Re: [NOVICE] Create PostgreSQL Database with ENCODING 'WIN1252' onCluster Initialized with locale "en_US.UTF-8"?

Поиск
Список
Период
Сортировка
От KARIN SUSANNE HILBERT
Тема Re: [NOVICE] Create PostgreSQL Database with ENCODING 'WIN1252' onCluster Initialized with locale "en_US.UTF-8"?
Дата
Msg-id 1155507477.8735658.1487848350319.JavaMail.zimbra@psu.edu
обсуждение исходный текст
Ответ на Re: [NOVICE] Create PostgreSQL Database with ENCODING 'WIN1252' on Cluster Initialized with locale "en_US.UTF-8"?  (Tom Lane <tgl@sss.pgh.pa.us>)
Список pgsql-novice
Tom,

The original DB2 database table had data in it with special characters, for example:  "Sørensen" or "Håkan"
When I tried to load the data into the original PostgreSQL database that I had created with the
default UTF-8 locale, I got errors like this:

ERROR:  invalid byte sequence for encoding "UTF8": 0xf8
CONTEXT:  COPY paymentrequestaudit, line 1383

ERROR:  invalid byte sequence for encoding "UTF8": 0xe5 0x6b 0x61
CONTEXT:  COPY paymentrequestaudit, line 1437

I was able to resolve those error by adding the option "encoding 'windows-1251'" to the COPY FROM statement.
But then when I checked the data, I was getting data that looked like this:  "Sшrensen" or "Hеkan"

After I recreated the database with the command you suggested below,
I was able to load the data with the original COPY FROM command with no errors,
and the data now displays correctly.

Thank you for your help.
Regards,
Karin

----- Original Message -----
From: "Tom Lane" <tgl@sss.pgh.pa.us>
To: "KARIN SUSANNE HILBERT" <ioh1@psu.edu>
Cc: pgsql-novice@postgresql.org
Sent: Wednesday, February 22, 2017 8:52:09 PM
Subject: Re: [NOVICE] Create PostgreSQL Database with ENCODING 'WIN1252' on Cluster Initialized with locale
"en_US.UTF-8"?

KARIN SUSANNE HILBERT <ioh1@psu.edu> writes:
> I have a Windows DB2 database that I need to migrate to PostgreSQL 9.4 on RedHat Linux.
> The database cluster was initialized with locale "en_US.UTF-8".

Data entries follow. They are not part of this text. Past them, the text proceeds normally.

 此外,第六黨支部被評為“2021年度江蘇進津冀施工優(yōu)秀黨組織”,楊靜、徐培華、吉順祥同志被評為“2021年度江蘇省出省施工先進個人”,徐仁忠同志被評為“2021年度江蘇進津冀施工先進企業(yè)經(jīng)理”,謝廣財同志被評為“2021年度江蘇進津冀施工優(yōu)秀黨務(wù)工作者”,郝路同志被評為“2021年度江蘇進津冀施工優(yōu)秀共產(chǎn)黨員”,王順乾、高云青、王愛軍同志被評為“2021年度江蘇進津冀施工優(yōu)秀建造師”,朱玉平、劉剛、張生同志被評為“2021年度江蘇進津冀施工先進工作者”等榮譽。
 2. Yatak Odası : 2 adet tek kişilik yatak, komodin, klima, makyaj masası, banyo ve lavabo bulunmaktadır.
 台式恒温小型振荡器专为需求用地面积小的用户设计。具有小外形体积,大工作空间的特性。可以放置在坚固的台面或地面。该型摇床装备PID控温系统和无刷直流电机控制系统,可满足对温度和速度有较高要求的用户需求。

It's possible you need to rethink that choice of initial locale, but not
necessarily.

> For my migrated database, I need to create a PostgreSQL database with ENCODING 'WIN1252'.

Hm, do you really need the DB encoding to be that?  If so, why?  You could
run the database in UTF8 encoding and set the client_encoding to WIN1252
for clients that only speak that encoding.  This would result in
on-the-fly encoding conversion while talking to such clients, but I don't
believe the cost of that is intolerable.  An advantage is that you could
also cater to clients that want less Windows-centric encodings.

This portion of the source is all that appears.